Excess capacity in an automobile plant at Ford, Chrysler, Toyota, GM, and Honda is a commodity and those who study finite capacity scheduling modules can readily see the possibilities for increased production and that means profit. Einstein said time is relative, that is true, time is relative, manipulating commodity theoretical models allows companies to see thru time and keep costs and purchases on an even keel without the problems of relative time. Thus the commodity can be simplified to price/cost models. The commodity is still relative to fluctuations in currency, weather, and supply and demand. There is no reason a company like Ford cannot take those plants, which have closed and use them to make something else. Instead, they ran their plants at maximum capacity or close to it, and built lots of cars, which are now in the dealers or on their way to the dealers and there is no need to run the plants now sense there are enough cars built. If the cars become scarce, then the price goes up. As with anything; supply and demand. Are cars a commodity?

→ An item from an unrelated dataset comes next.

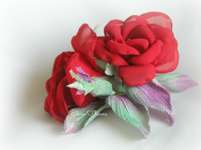 И брошь веточка с 2мя шифоновыми розами шелковым бутоном и шелковыми листиками.

It appears they are, but more so the time in the excess capacity in the factories is the real commodity although from a purely conceptual standpoint, both the time and the cars are commodities.

Excess capacity also occurs in many other industries, such as electricity, water, oil, mainframe time, bandwidth, etc. When deregulation came to the California energy market we saw an interesting thing occur. People would buy blocks of kilowatt-hours from the existing energy companies who made electricity. They had to make this available to anyone. So entrepreneurs Bought lots of it and then they sold it to others wishing to buy it. Commodity theory is fun to study, because it is everywhere in our civilization, think about it.